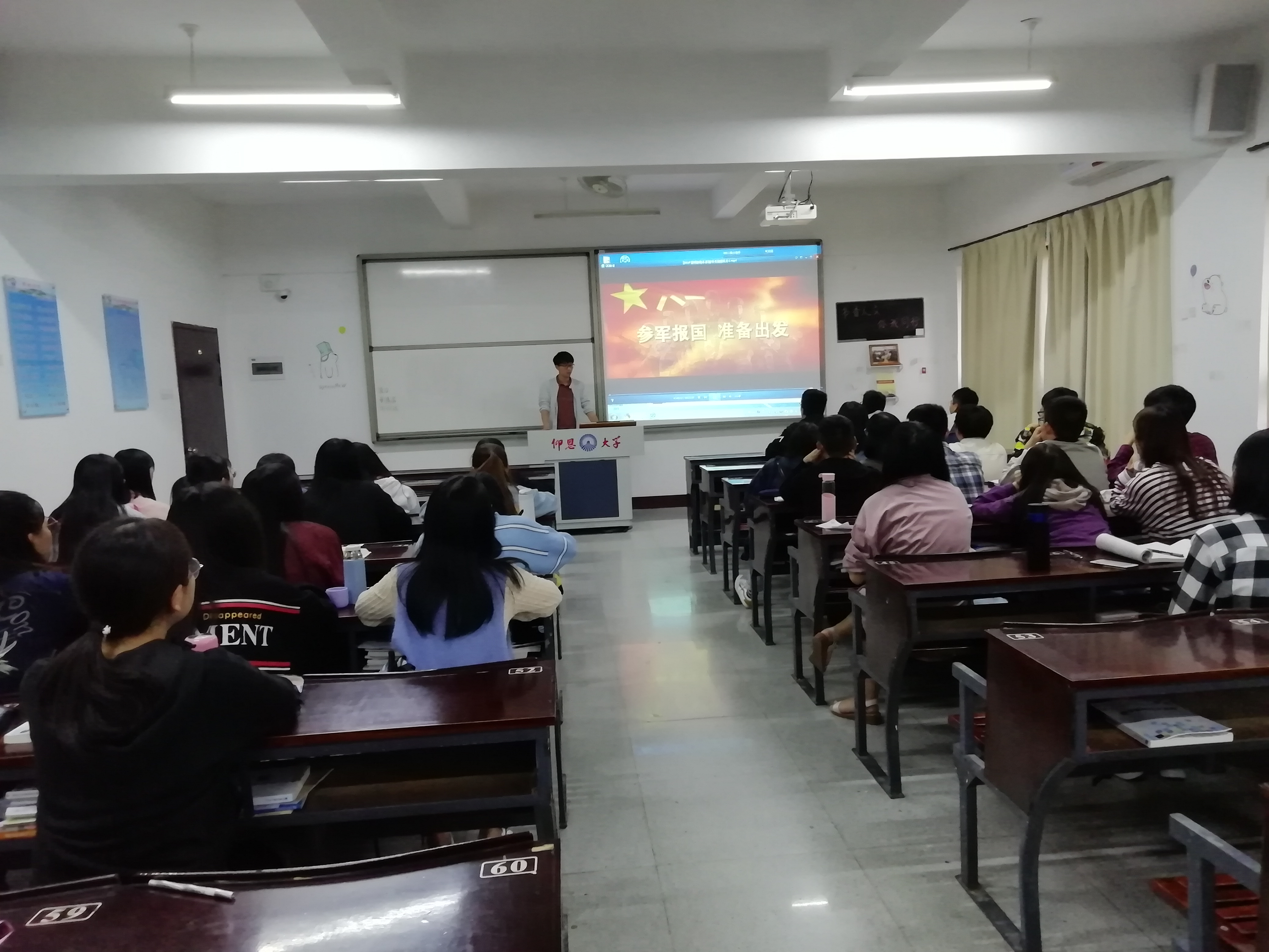 根据学校征兵工作的要求,落实学院征兵工作推进会的总体部署,williamhill英国官网各班级于4月14日下午在各自班会课教室召开征兵主题班会,具体工作由班主任负责落实。各班级都组织观看了征兵宣传视频,进行了2019年征兵政策宣讲和现场答疑,其中重点学习了国防教育手册中的WilliamHill官方网站鼓励学生参军政策规定,针对新闻学专业的班级还着重讲解了从普通高校毕业生中招收士官有关政策。据悉,下一阶段,将由班主任开展一对一面谈工作。
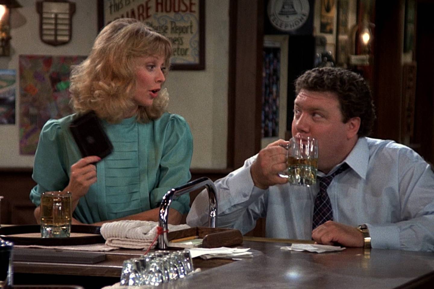Ted Danson (Sam Malone), Rhea Perlman (Carla Tortelli), Shelley Long (Diane Chambers), John Ratzenberger (Cliff Clavin), George Wendt (Norm Peterson), Nicholas Colasanto (Ernie 'Coach' Pantusso)
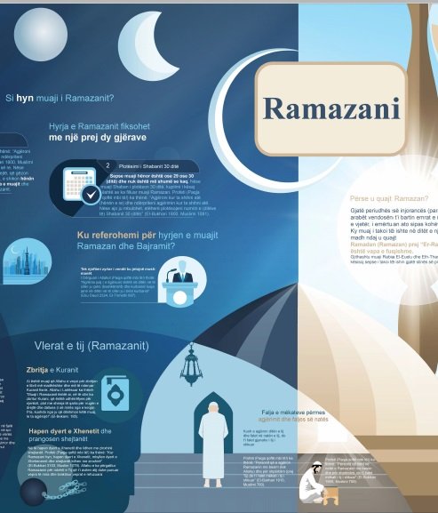 Ramazani Kjo infografikë bën fjalë mbi muajin Ramazan, përse u emërtua kështu, vlerat e tij, betejat dhe çlirimet më të shquara islame që kanë ngjarë në të, si dhe për mënyrën ekonfirmimit të hyrjes së tij dhe disa dispozita lidhur me të.
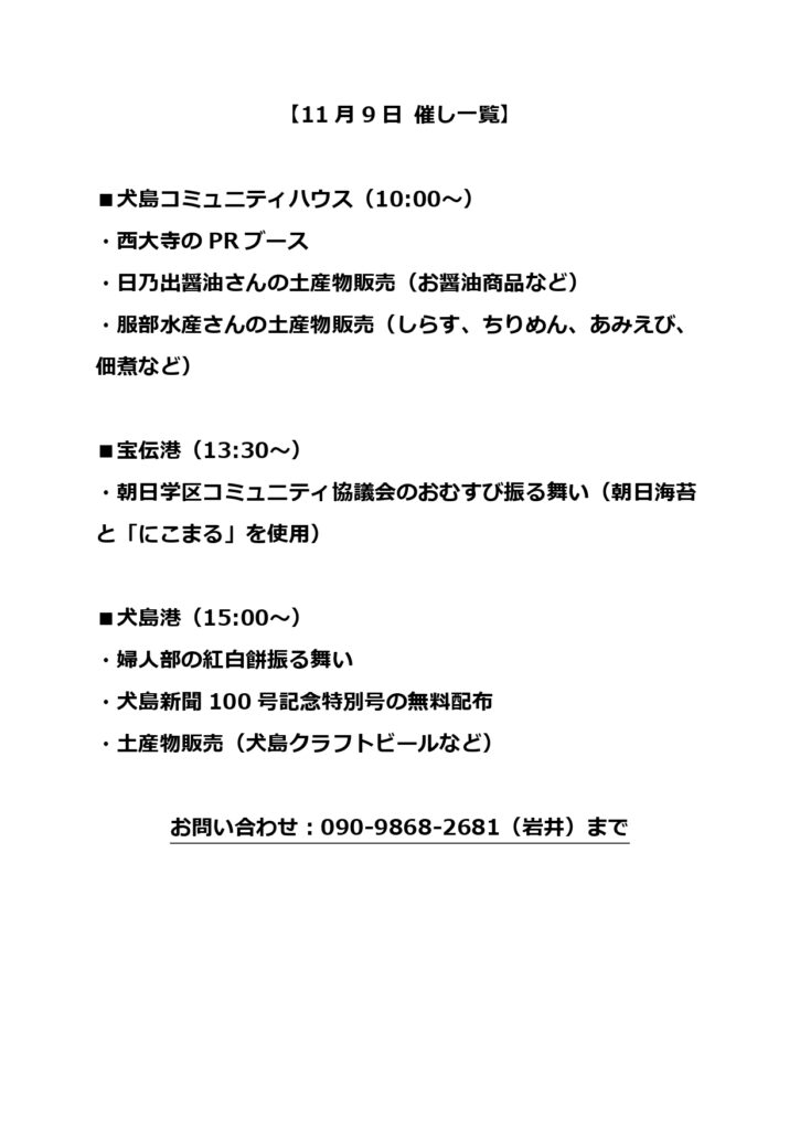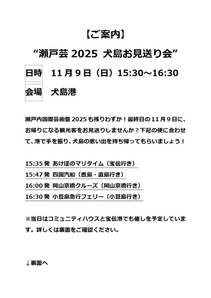瀬戸芸2025 犬島お見送り会 投稿日:2025年11月4日 『瀬戸内国際芸術祭』秋会期最終日 11月9日(日)に、観光客に感謝の意を込めて、お見送り会を実施します。場所は犬島と宝伝の2会場。犬島では犬島婦人部が紅白餅を、宝伝では朝日学区コミュニティ協議会がおにぎりを振る舞います。お時間が許す限り、会場に足をお運びくださいませ。 概要は以下(犬島で回覧中の案内)の通り カテゴリー:お知らせ 犬島町内会
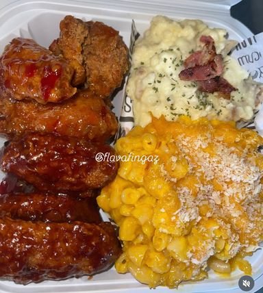 Crispy (bbq, sweet chili or honey sriracha) wings paired with mashed potatoes topped with cheese and bacon and creamy mac n’ cheese
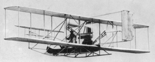 The 1905 Flyer III was offered to the US War Dept for evaluation, who turned it down when they couldn’t envision any practical use for a machine that flew. Modified in 1907 for demonstration flights, one earned national headlines. On 29 September 1909 Wilbur made a five-minute flight around the Statue of Liberty. To the amazement of the crowd, there was a red canoe attached to the bottom of the plane’s skis during that flight—if the plane went down into water, Wilbur reasoned, he could use the canoe to float to safety. This feat was repeated on 5/26/2003 by a Dayton group who had built a flying replica of Flyer 3.
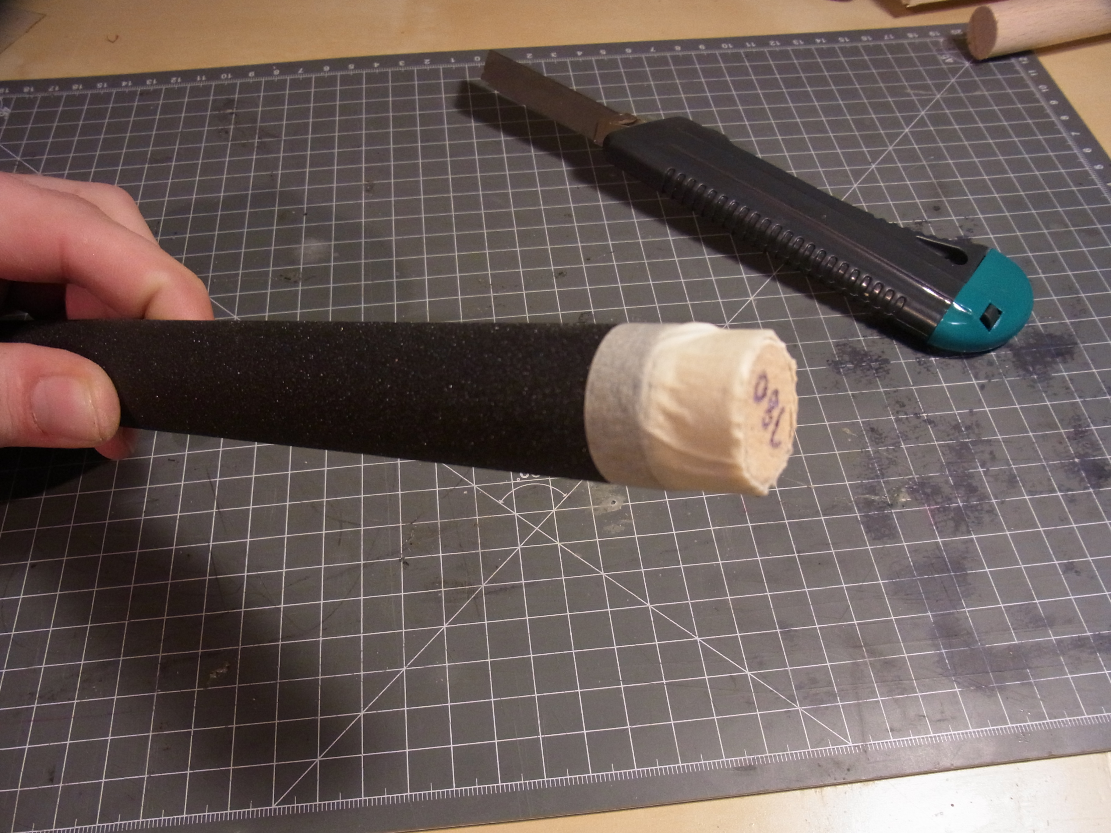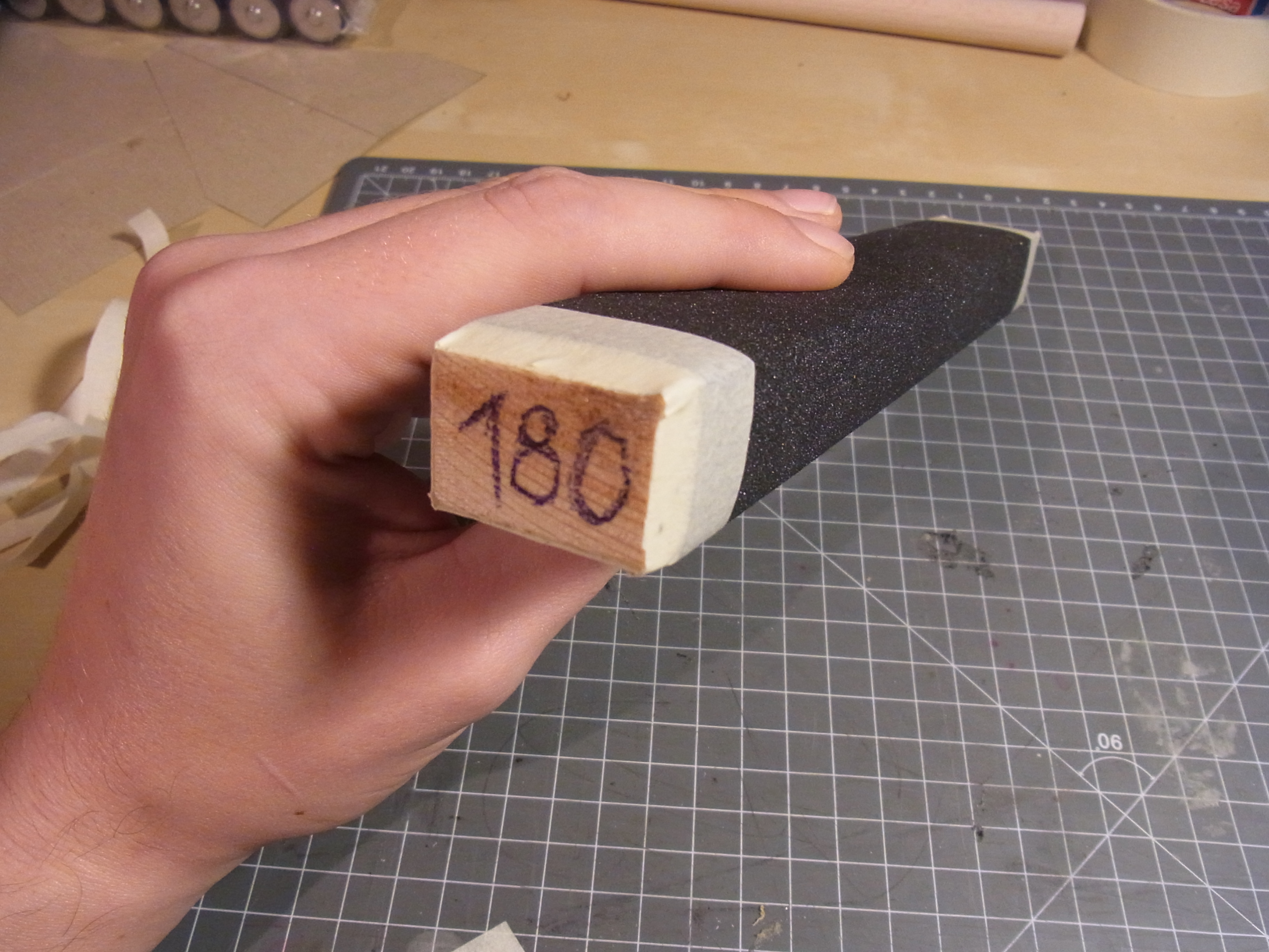 Und schon ist die erste Feile fertig. Da ich die Rückseite des Papieres nicht mehr sehen kann schreibe ich noch die Körnung auf das Holz.

----------------------------------------

_What to do_
Starting at the first line of the records and stopping after the line with "Crispy (bbq, sweet", copy each line exactly; pictures stay out.

_Task result_
 根据学校征兵工作的要求,落实学院征兵工作推进会的总体部署,williamhill英国官网各班级于4月14日下午在各自班会课教室召开征兵主题班会,具体工作由班主任负责落实。各班级都组织观看了征兵宣传视频,进行了2019年征兵政策宣讲和现场答疑,其中重点学习了国防教育手册中的WilliamHill官方网站鼓励学生参军政策规定,针对新闻学专业的班级还着重讲解了从普通高校毕业生中招收士官有关政策。据悉,下一阶段,将由班主任开展一对一面谈工作。
Ted Danson (Sam Malone), Rhea Perlman (Carla Tortelli), Shelley Long (Diane Chambers), John Ratzenberger (Cliff Clavin), George Wendt (Norm Peterson), Nicholas Colasanto (Ernie 'Coach' Pantusso)
 Ramazani Kjo infografikë bën fjalë mbi muajin Ramazan, përse u emërtua kështu, vlerat e tij, betejat dhe çlirimet më të shquara islame që kanë ngjarë në të, si dhe për mënyrën ekonfirmimit të hyrjes së tij dhe disa dispozita lidhur me të.
瀬戸芸2025 犬島お見送り会 投稿日:2025年11月4日 『瀬戸内国際芸術祭』秋会期最終日 11月9日(日)に、観光客に感謝の意を込めて、お見送り会を実施します。場所は犬島と宝伝の2会場。犬島では犬島婦人部が紅白餅を、宝伝では朝日学区コミュニティ協議会がおにぎりを振る舞います。お時間が許す限り、会場に足をお運びくださいませ。 概要は以下(犬島で回覧中の案内)の通り カテゴリー:お知らせ 犬島町内会
 Crispy (bbq, sweet chili or honey sriracha) wings paired with mashed potatoes topped with cheese and bacon and creamy mac n’ cheese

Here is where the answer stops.